LOS ANGELES—It’s taking years before cameras finally start rolling, but Sir Ben Kingsley recently told us that he’s still set on making a dream project come true through his production company, SBK Pictures. “On our slate is (a film on) the building of the Taj Mahal by Shah Jahan, who was the Emperor of India at the time,” said the actor who won an Oscar and a Golden Globe for playing Mohandas Gandhi.
“As you know, the Taj is a monument to Shah’s wife, Mumtaz Mahal,” Ben remarked about his passion project titled “Taj” and written by David Ashton. “I have a wonderful script, and I shall play Shah Jahan. It explains how you turn a scream of grief into an everlasting and beautiful monument. He succeeded. The movie will explain how he did it and the forces that were at play in the creation of the Taj Mahal, and that loss.”
Also on Ben’s to-do list, and it may happen sooner, is a film about Jack Cornwell VC, the 16-year-old boy who was posthumously awarded Britain’s highest military honor for his bravery in the 1916 Battle of Jutland. Ben will play British commander, Admiral Sir John Jellicoe.
Ben added, “I am producing and acting in the film involving the British navy and the man in question had a terrible decision to make, as all military men and women do. The film will examine that.”
Asked to share his memories of being knighted by the Queen at the Buckingham Palace in 2002, Ben obliged. “When Her Majesty knighted me, the sword she used to raise above my head and touch my shoulders was the one that her father wore ceremonially as Commander-in-Chief of the British Forces during World War II. Her father and mother never left London during the Blitz. So, I was aware of the historical implications of that, and how much she loved her father.

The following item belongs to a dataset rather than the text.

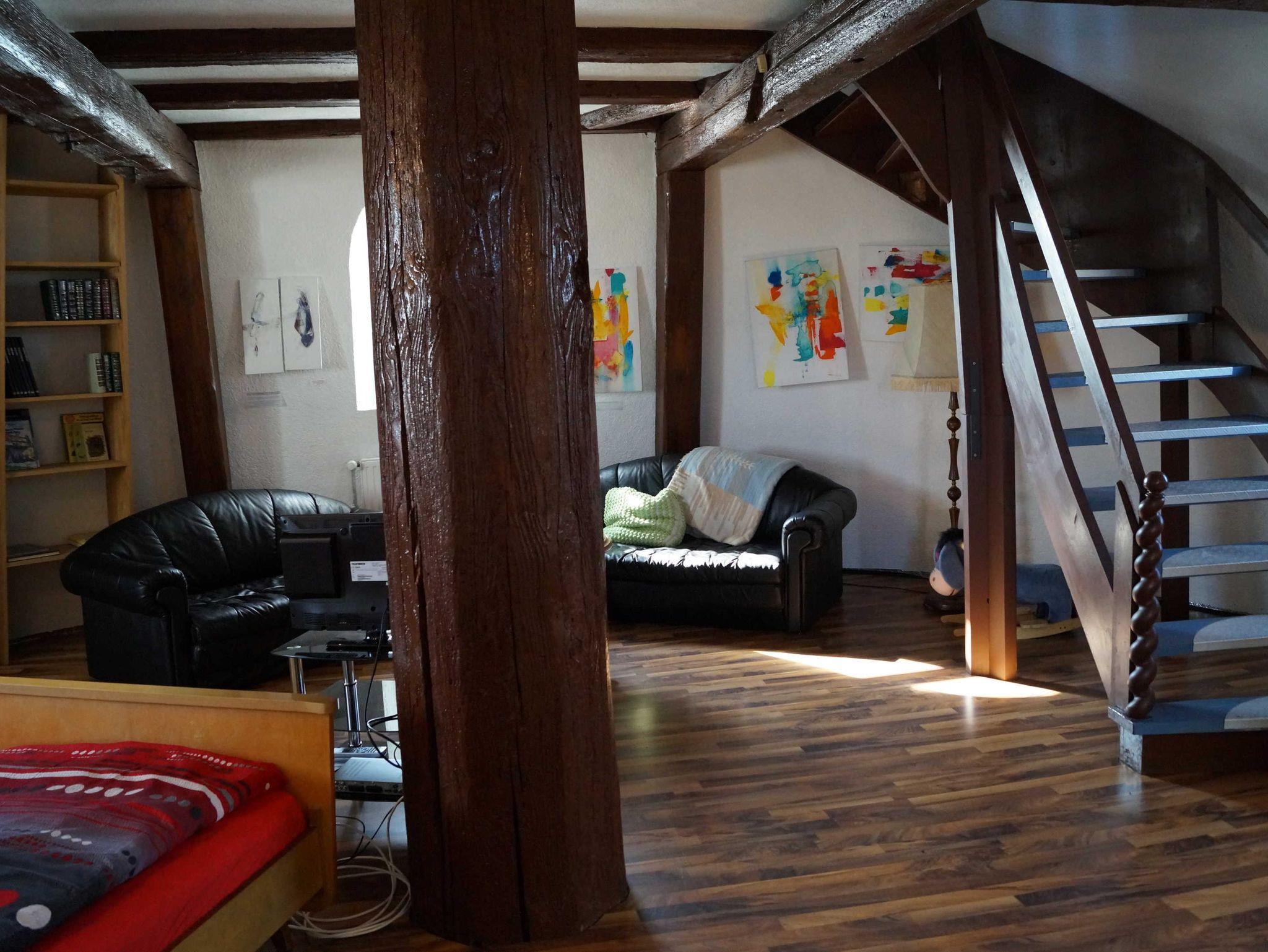 1. OG: ca. 45 m2; Schlafzimmer mit Doppelbett und Schalfsofa (für 2 Personen) mit offener Treppe in das 2. OG
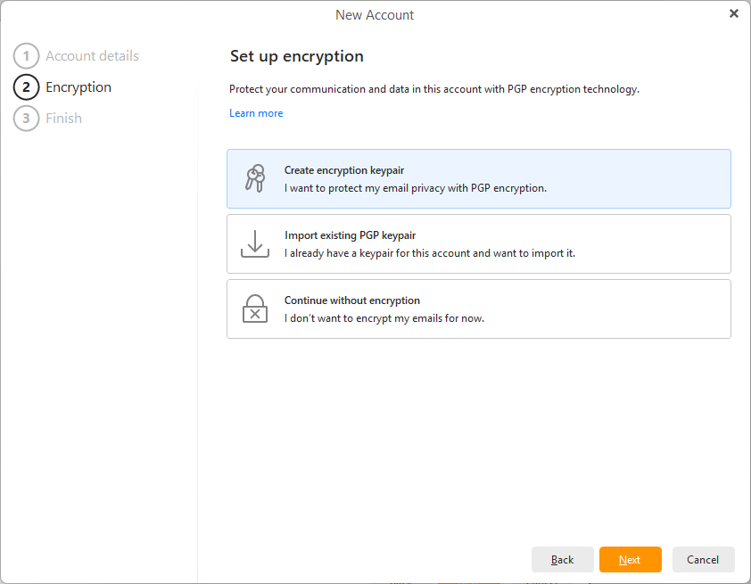 Set up encryption for your messages or skip this step. Find out more about PGP here.

“So, for the Queen to use her father’s sword in that ceremony had huge resonance. We chatted briefly about what was happening in my life. I left the Palace feeling embraced.”
Ben revealed a side story about becoming a knight. “Then, my mother refused to acknowledge my knighthood, which I found bitterly hurtful. Life is all about balance, isn’t it? That wonderful woman (Queen Elizabeth II) had said, we accept you and love what you do, but my mother refused to acknowledge that it had taken place. She was embarrassed, bitter and jealous. That’s the whole story. I have never told it before.”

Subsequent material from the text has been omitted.